Let’s think way back for a minute, to a time when Gnarls Barkley’s “Crazy” was #2 on the charts and people were just starting to watch OK Go dance on treadmills. To when we got used to Daniel Craig as James Bond, and to Al Gore being on the big screen. To when Pluto was still a planet. To the last time Lane got a new webpage.

At the time, we had a nice, modern website. Unfortunately, our story isn’t much different from the guy who owns the nicest VCR on the block – times have changed. Our website was designed before there was an Internet Explorer 7 or any version of Google Chrome. There was no such thing as social media: both Facebook and Twitter launched to the general public after our last redesign. And perhaps most importantly, no one was looking at websites on cell phones – the iPhone wasn’t released until almost a year later.

I think we can all agree that Lane is (over) due for an update.

Our mission this year is to realize that update. But this isn’t a small task. Ever after three months of intense cleaning, Lane’s website has 11,795 pages of HTML files living on our server. If we want to update the design, we need to make a change to each and every one of those files. In other words, even if we started today, we wouldn’t be able to finish before it was time for the next redesign. Plus, we wouldn’t be fixing the information architecture of our site – we wouldn’t be making things easier to find.

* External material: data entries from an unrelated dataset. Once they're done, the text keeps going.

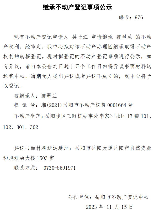 继承不动产登记公示 编号:吴长江(976)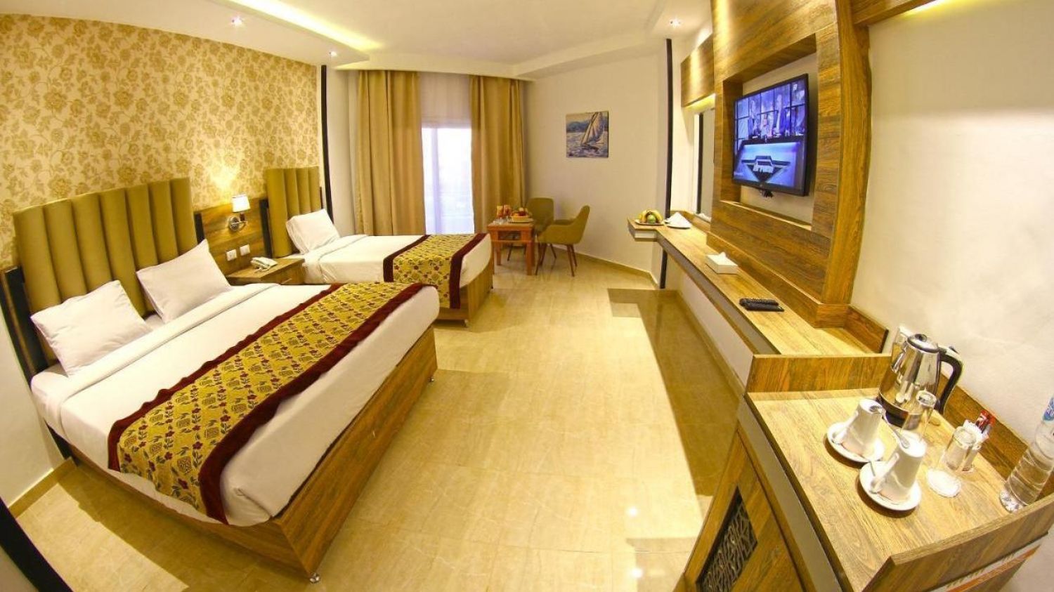 Bellagio Resort and Spa е адаптиран от стандартен тип хотел в луксозен стил стаи, фамилни стаи и специално проектирани апартаменти - всички с уникална гледка към морето, а някои се намират и между водите на Червено море. Внедрявайки най-съвременните хотелски технологии и удобства, хотелът гарантира, че Вашият престой ще бъде релаксиращ, като същевременно съчетава възможно най -доброто качество и комфорт, с автентичния аромат на Червено море.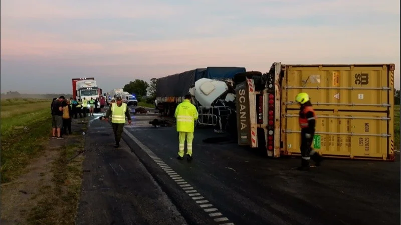 A la altura de Baradero, dos camiones colisionaron y uno de ellos terminó volcado sobre la ruta, en el kilómetro 143. Uno de los conductores resultó lesionado. Hay un corte total del tránsito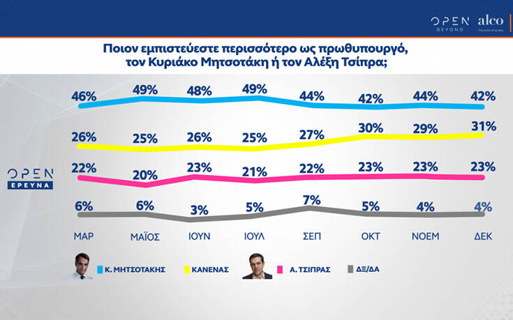 Επίσης, στη δημοσκόπηση του OPEN αποτυπώθηκε η διαφορά της Νέας Δημοκρατίας από τον ΣΥΡΙΖΑ, η οποία φτάνει στις 15,4 μονάδες. Παραμένει πρώτος στην εμπιστοσύνη των πολιτών ο Κυριάκος Μητσοτάκης, σε σχέση με τον Αλέξη Τσίπρα.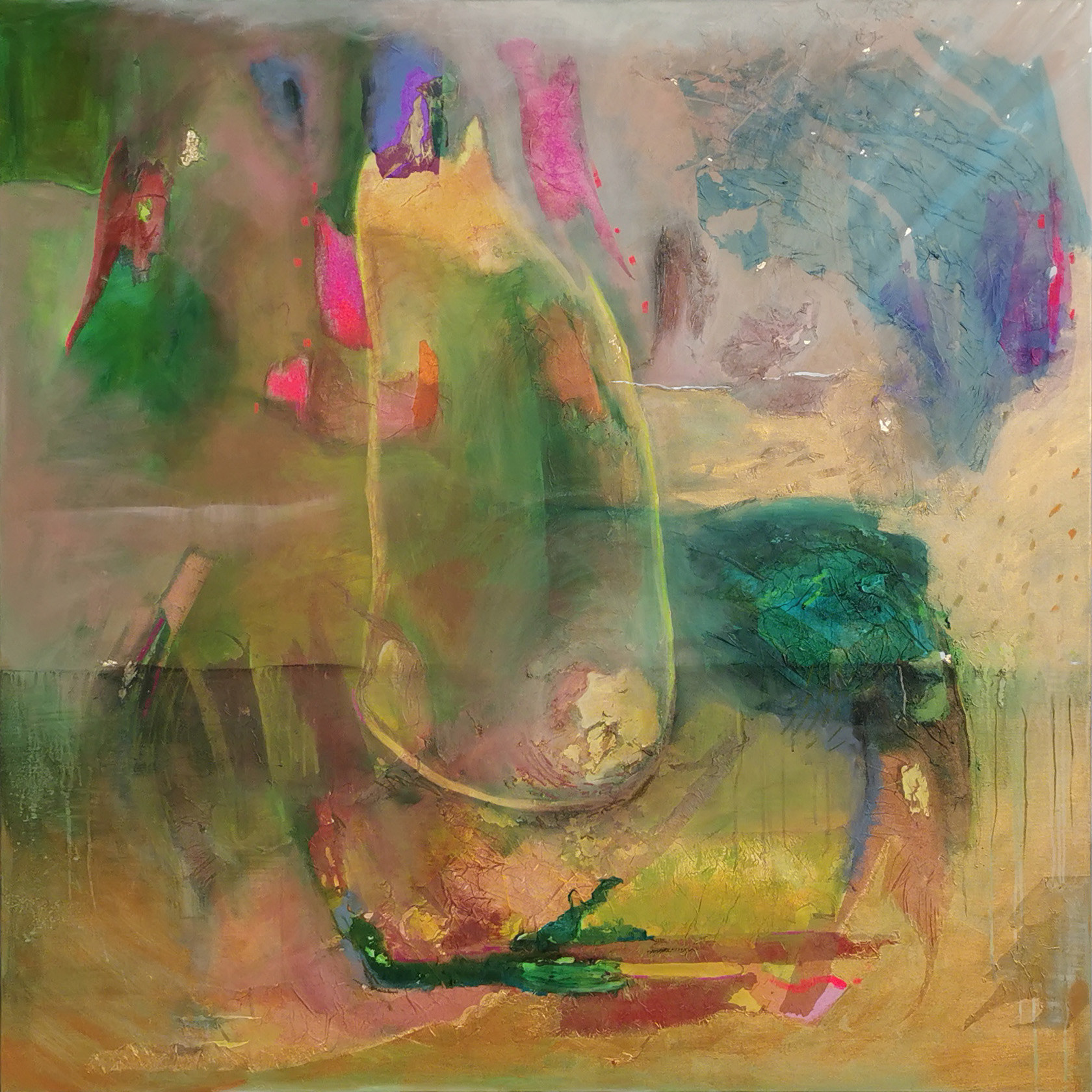 Through layers of translucent greens, warm earth tones, and sudden luminous bursts of pink and gold, I sought to translate not a likeness, but a presence. Each gesture was guided by sensing rather than planning; a rhythm of release and emergence. The work reflects the energy of connection. Connection to the self, to the unseen, and to the living pulse of color itself.

So we’re going to build the next generation of the Lane website using a technology called a Content Management System (CMS). A CMS is going to offer us a lot of awesome things in the near future:

  • The ability to modify and change the website from anywhere in the world, at any time of day.
  • The separation of presentation and content – we’ll be able to change the design of the entire website without having to worry about what’s happening to the content.
  • Editing from the browser – no need to download any special software, just fire up your web browser and get to work.
  • A mobile version of each page – because presentation and content are separate, it’s easy to serve the same content with a design optimized for a mobile device.

The CMS we’ve picked is called Drupal, an open source project that powers all sorts of important websites, including The Economist and the White House as well as a number of university websites right here in our backyard such as the University of Oregon and Portland State University.

Obviously, a transition like this isn’t going to happen all at once. In fact, this one is going to take until summer, and we’ve already been working on it for almost a year! We’ll do as much as we can to keep you posted on changes through this blog. Expect a post in the not too distant future about some of the changes you’ll notice before we officially launch the new design.